> Raw data:
Start of Block
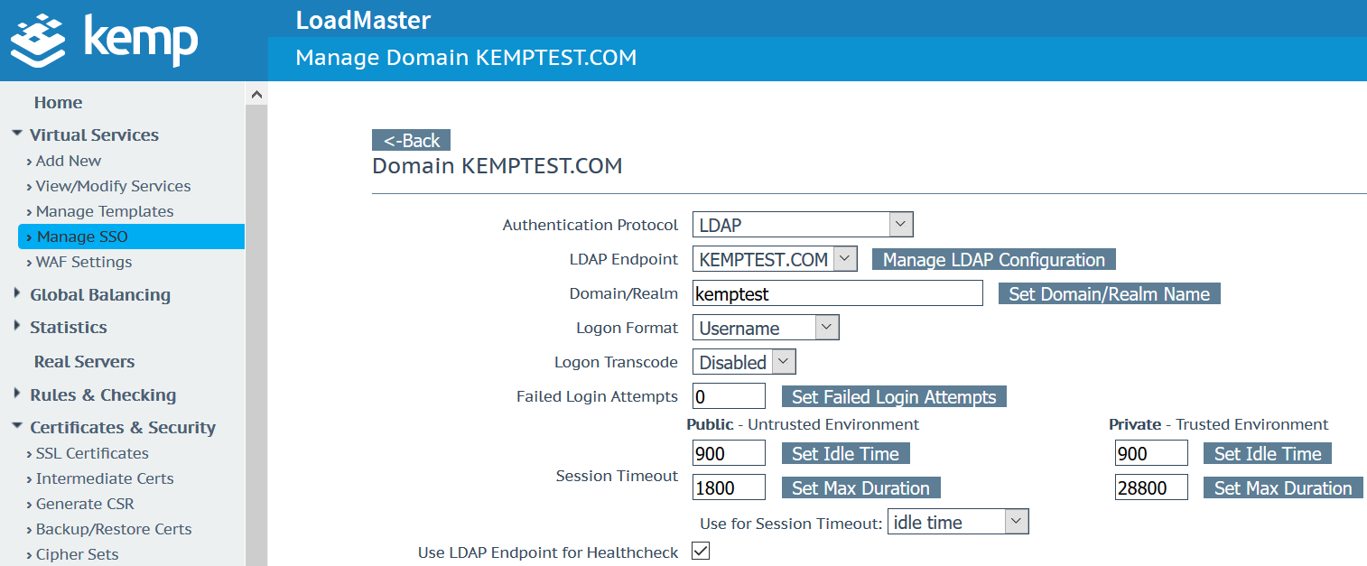 In der Netscaler-Umgebung definieren Sie eine Sitzungsrichtlinie, die sich an einen AAA-Authentifizierungs-VServer bindet, der schließlich an Ihren virtuellen Exchange-Server gebunden wird. Kemp LoadMaster verwendet eine ähnliche, einfacher zu konfigurierende Logik, bei der Sie ein Single Sign On (SSO)-Profil erstellen und es mit Ihrem Virtual Service oder Sub VS verknüpfen.
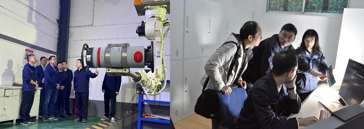 張旭海一行先后到化機分公司劉毅勇技能大師創(chuàng)新工作室、無損檢測工段和晨光藝術(shù)工程生產(chǎn)制造車間進(jìn)行了實地調(diào)研,并與劉毅勇技能大師創(chuàng)新工作室?guī)ь^人及團隊成員進(jìn)行了深入交流,詳細(xì)了解工作室的制度建設(shè)、日常運行、示范引領(lǐng)作用發(fā)揮、人才培養(yǎng)、創(chuàng)新成果等情況,認(rèn)真聽取了化機分公司近期研發(fā)的“AEROSUN EagleEye”智能識別軟件系統(tǒng)的開發(fā)進(jìn)展。
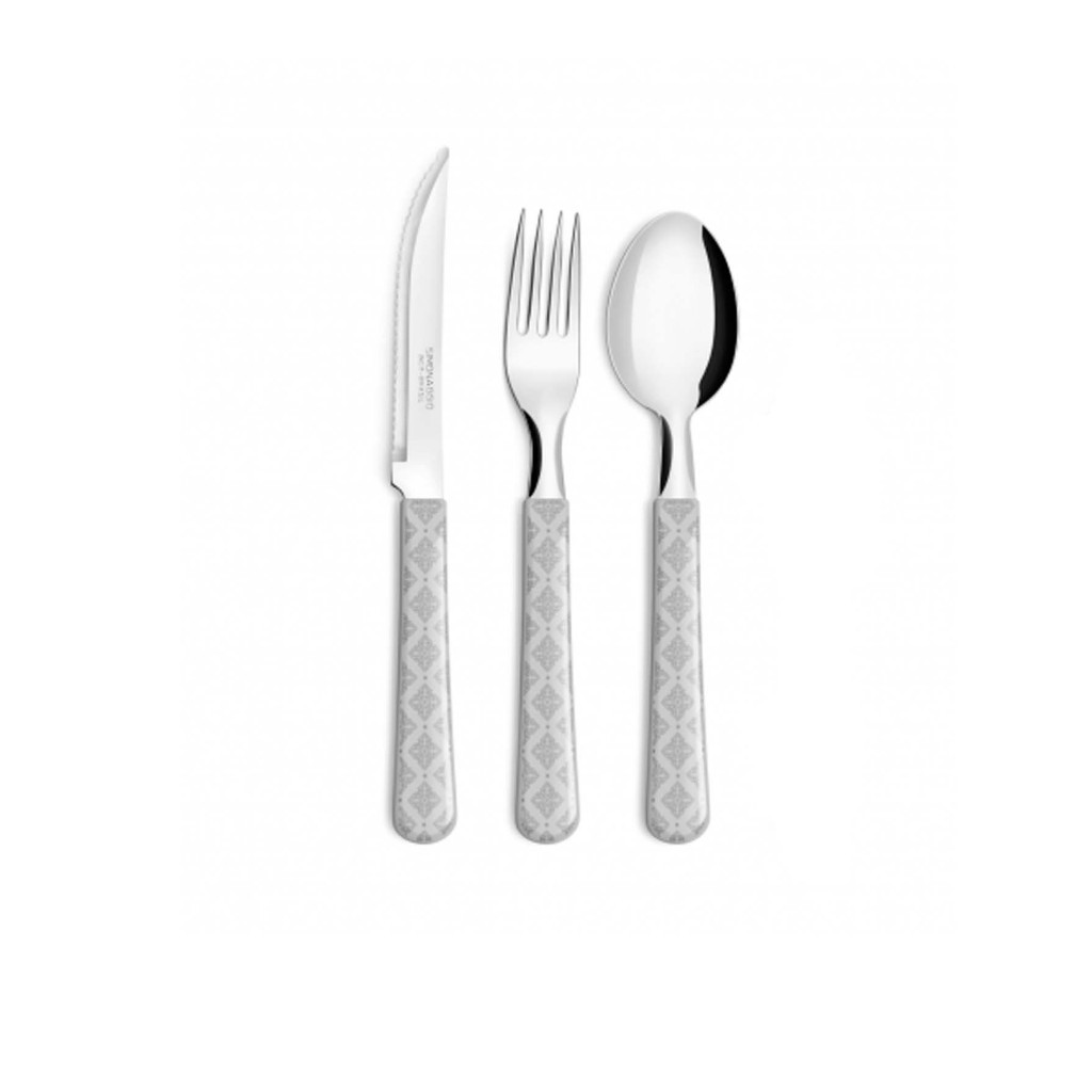 Kit Jogo Conjunto De Talheres Em Aço Inox 25 Peças Colher Garfo Faca Cinza
End of Block
> Instructions to follow: Quote the full listing above word for word; exclude every picture from the copy.

> Result of the task:
 In der Netscaler-Umgebung definieren Sie eine Sitzungsrichtlinie, die sich an einen AAA-Authentifizierungs-VServer bindet, der schließlich an Ihren virtuellen Exchange-Server gebunden wird. Kemp LoadMaster verwendet eine ähnliche, einfacher zu konfigurierende Logik, bei der Sie ein Single Sign On (SSO)-Profil erstellen und es mit Ihrem Virtual Service oder Sub VS verknüpfen.
 張旭海一行先后到化機分公司劉毅勇技能大師創(chuàng)新工作室、無損檢測工段和晨光藝術(shù)工程生產(chǎn)制造車間進(jìn)行了實地調(diào)研,并與劉毅勇技能大師創(chuàng)新工作室?guī)ь^人及團隊成員進(jìn)行了深入交流,詳細(xì)了解工作室的制度建設(shè)、日常運行、示范引領(lǐng)作用發(fā)揮、人才培養(yǎng)、創(chuàng)新成果等情況,認(rèn)真聽取了化機分公司近期研發(fā)的“AEROSUN EagleEye”智能識別軟件系統(tǒng)的開發(fā)進(jìn)展。
 Kit Jogo Conjunto De Talheres Em Aço Inox 25 Peças Colher Garfo Faca Cinza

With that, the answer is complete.